COP26 must put food systems on the agenda say NGOs, industry bodies and local councils

Article by Pete Ritchie, Director of Nourish Scotland
Published 12 Mar, 2021

For us, the road from Paris to Glasgow goes through the farm gate. 

The UN COP26 climate talks held in the city later this year ‘must tackle food systems’ to get the world eating better and on track for net-zero. 

More than thirty NGOs, leading academics, local governments and industry bodies have written to COP26 President Alok Sharma asking him to bump food systems up the agenda when the UK hosts the global climate summit in Glasgow in November. 

Glasgow City Council, Brighton and Hove, Eating Better, Scotland Food and Drink, RSPB, Sustain, the Soil Association, the EAT Foundation, GAIN and the ICLEI global local government network are among the signatories of the letter co-ordinated by us. 

Current food systems generate more than a quarter of global GHG emissions, and experts agree that net zero is unachievable without a transformation in what we eat, how we farm, and how much food we waste. 

Mr. José Graziano da Silva, former Director General of FAO & Director of Instituto Fome Zero in Brazil is clear that: “To implement the 2030 agenda, we need to rebuild the linkages between the urban and rural territories, intrinsically united by the food systems agenda. If we want to fight climate change, preserve natural resources, mitigate emissions and bring a commitment to the health of people and the planet and the sustainability targets, we need to definitively integrate the food systems with the climate agenda. 

“Ensuring food security involves ensuring a careful and integrated approach between the different agendas, and COP 26 is an opportunity to pave this path.” 

The UK is making progress already on deforestation-free supply chains, on cutting food waste and on national food plans in all four nations. But food is not one of its current priority themes and as COP26 host and President the UK has an opportunity to show global leadership. 

Councillor Phélim Mac Cafferty, leader of Brighton & Hove City Council, says: “A third of the dangerous ‘greenhouse’ gases which are harming the environment come from food, so how we produce food, what we consume, and the level of food waste are central to our drive to be carbon neutral by 2030." 

“I implore Alok Sharma, the President of COP26, to use this international platform to let world leaders know that not enough is being done to reduce the incredibly harmful impact of the current system of food production on the climate, and push for real change.” 

Councillor Susan Aitken, leader of Glasgow City which will host COP26, says: “The Glasgow message, as we head towards COP26, is that climate justice and social justice are inseparable.
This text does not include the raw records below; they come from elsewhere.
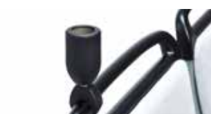
Stangenhalter Handpole connector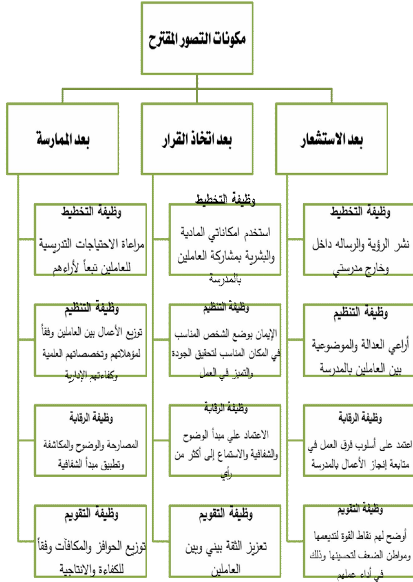
شكل (٢) مكونات التصور المقترح

يتضح من الشكل السابق في بعد الاستشعار ما يلي: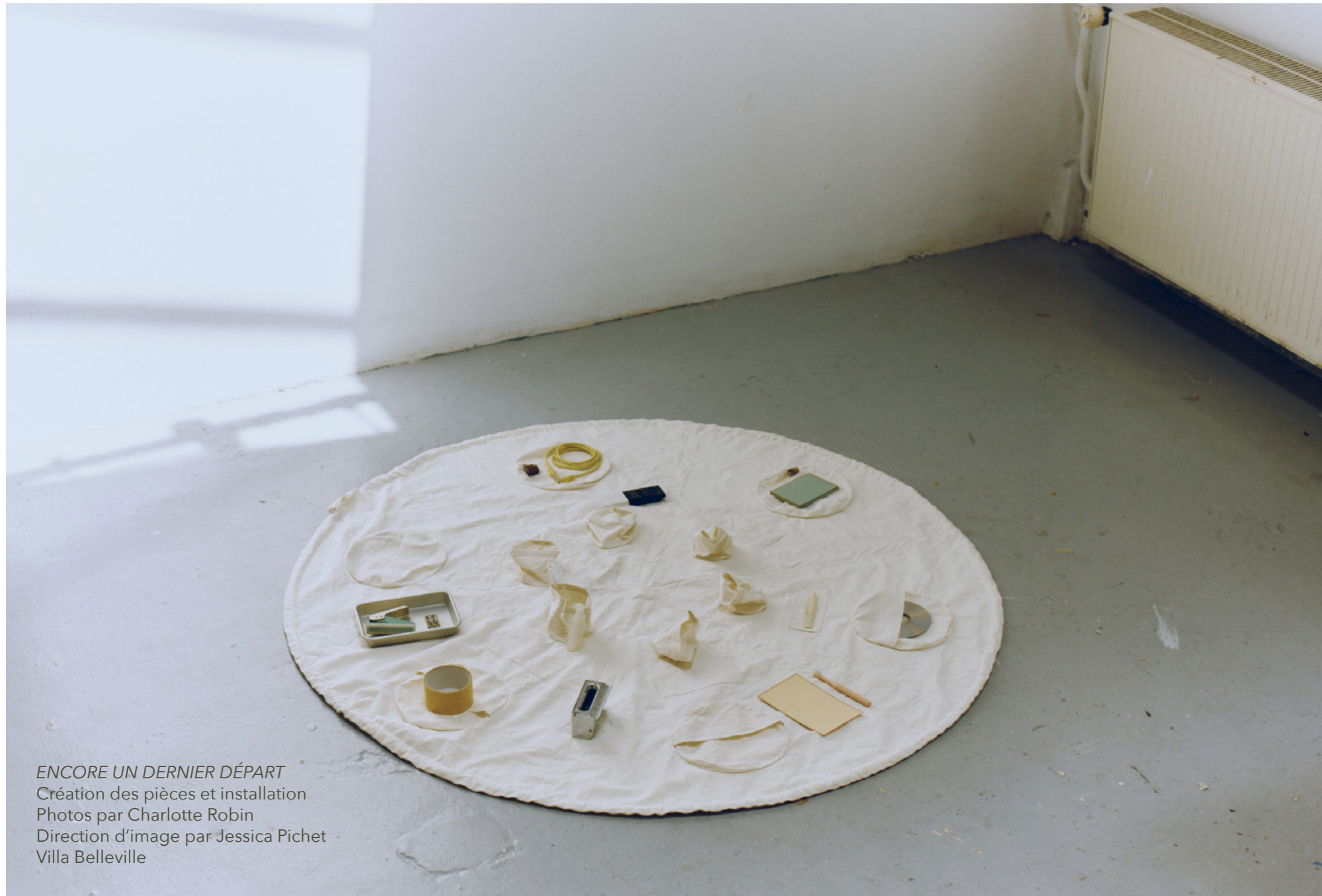
ENCORE UN DERNIER DÉPART Création des pièces et installation Direction d'image par Jessica Pichet Villa Belleville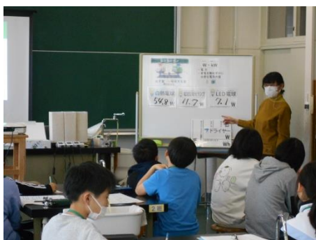
5年生;総合的な学習・環境学習(ワットモニター講座)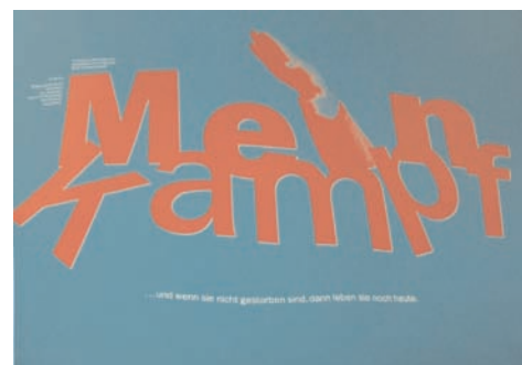
MEIN KAMPF, Friedler Grindler, 1992, Allemagne (1)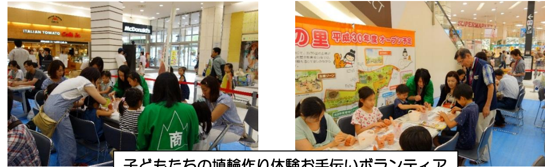
子どもたちの埴輪作り体験お手伝いボランティア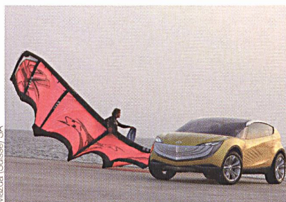
OttoCar Award: Präsenz von Mazda im «Second Life».

Am vergangenen Frankfurter Automobilsalon wurde der diesjährige Preis für die von Mazda Motor Europa geschaffene Insel «Nagare» in der virtuellen 3-D-Internet-Welt «Second Life» vergeben. Nagare Island wurde von Mazda Anfang Jahr entworfen, um bei Kite-Surfen – also bei Surfern, die sich von einem Lenkdrachen ziehen lassen – für den Mazda Hakaze zu werben. Die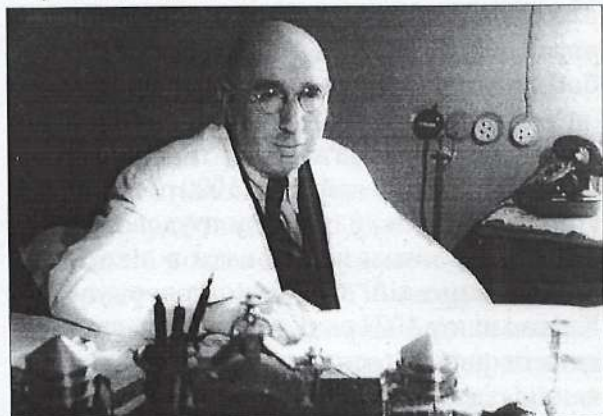
Фото 2. Макс Мойсейович Губергриц

Першими співробітниками кафедри 28 грудня 1925 року були призначені: старшим асистентом — Б.Я. Падалка, молодшими асистентами — О.П. Матвеев та Г.І. Хоменко. Головною клінічною базою кафедри на довгі роки стало відділення для інфекційних хвороб на території Олександрівської лікарні (яка стала іменуватися тоді лікарнею імені Жовтневої революції), побудоване в 1901 році. Лекційний курс на новій кафедрі розпочався 26 січня 1926 року, практичні заняття — в квітні цього ж року. Уже з 1928 року на кафедрі почав успішно працювати студентський науковий гурток.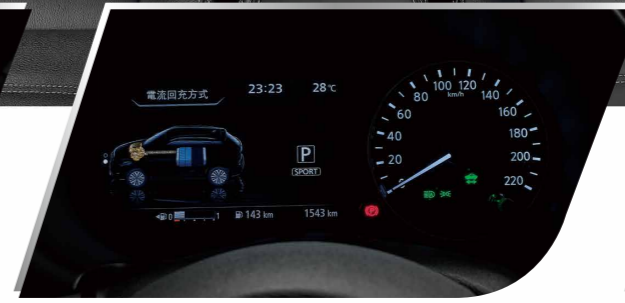
7吋數位液晶儀錶板(e-POWER Type)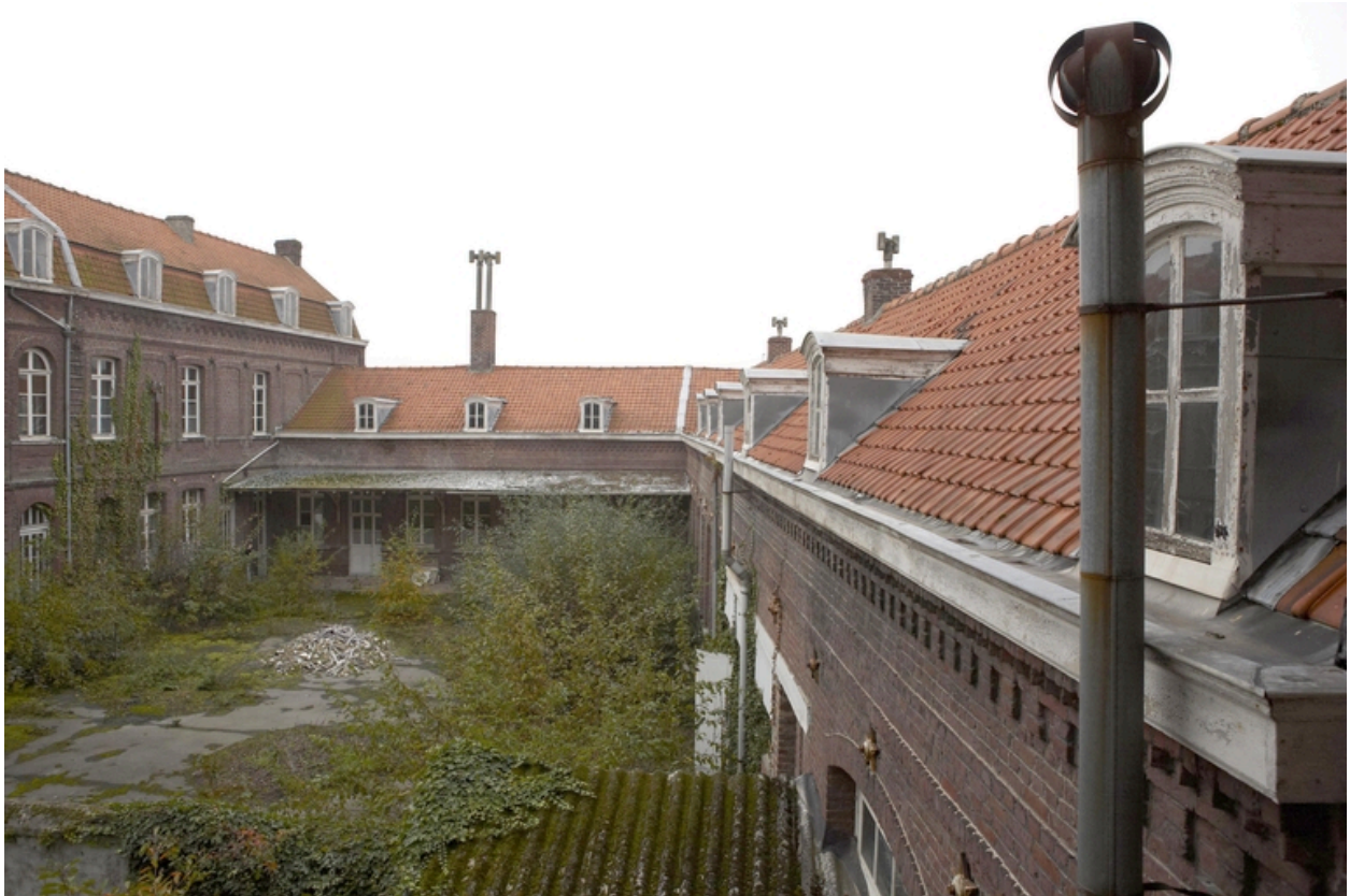
Les combles de la cour ouest.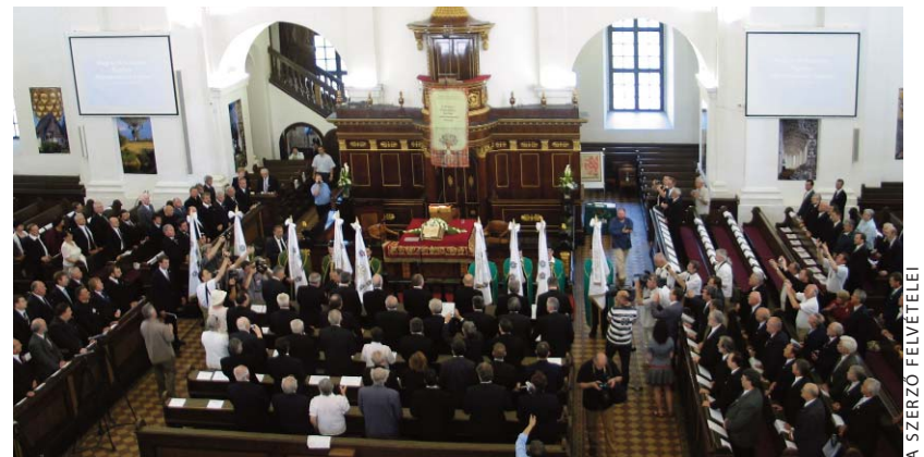
Az alkotmányozó zsinat a debreceni Nagytemplomban

tusok Világszövetsége, az Európai Egyházak Konferenciája és több testvéregyház, valamint az egységesülést kezdettől szorgalmazó Tőkés László , a Királyhágó-melléki Református Egyházkerület püspöke, aki jelenleg az Európai Unió „parlamentereként” küzd hasonló célokért. Korántsem lényegtelen, hogy Kirill , Moszkva és egész Oroszország pátriárkája is üdvözölte a magyar reformátusság egységét. A romániai ortodoxiára is befolyással bíró egyházi vezető levelében azt írta a reformátusok újraegyesítésének kapcsán, hogy az „újabb erőt ad a keresztények között-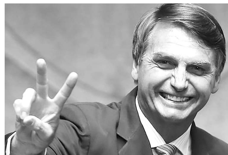
Jair Bolsonaro triunfó en casi todo Brasil, con el 56% de los votos contra el 44% de Fernando Haddad,

En reiteradas oportunidades, Jair Bolsonaro ha asegurado tener mano dura contra la delincuencia y permitir la venta de armas para civiles, así como ha anunciado una línea neoliberal en la economía, con privatizaciones y una fuerte disminución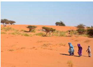
Chinguetti 📍 🚗 90km - ⌚ 4h Wadane 📍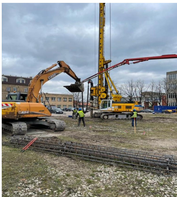
Darbi Dobeles ielā 41, Jelgavā.

Pašlaik notiek būvdarbi trijos objektos – plēves tuneļu būvniecība Dārzkopības institūtā un siltumnīcas pārbūve, bet Jelgavā – Starpnozaru zinātniskās laboratorijas būvniecība Dobeles ielā 41. darbu gaitu visos objektos varētu vēlēties raitāku, diemžēl pandēmija un tās radītās sekas nopietni ietekmē materiālu piegādi un projektā nāksies lūgt pagarinājumu, jo jau pašlaik skaidrs, ka vienu objektu nevarēs nodot plānotajos termiņos.

Social justice and social equity must be driven from climate action. And food is an enormous part of that”

Simon Billing, Director of the Eating Better alliance says: 

“We can’t tackle the climate and nature emergency without fixing our broken food systems. We need transformational change to a sustainable food and farming system, which is better for us, better for nature and better for the planet.” 

We have to invest in the food and farming transition alongside the clean energy transition – and we have to start now.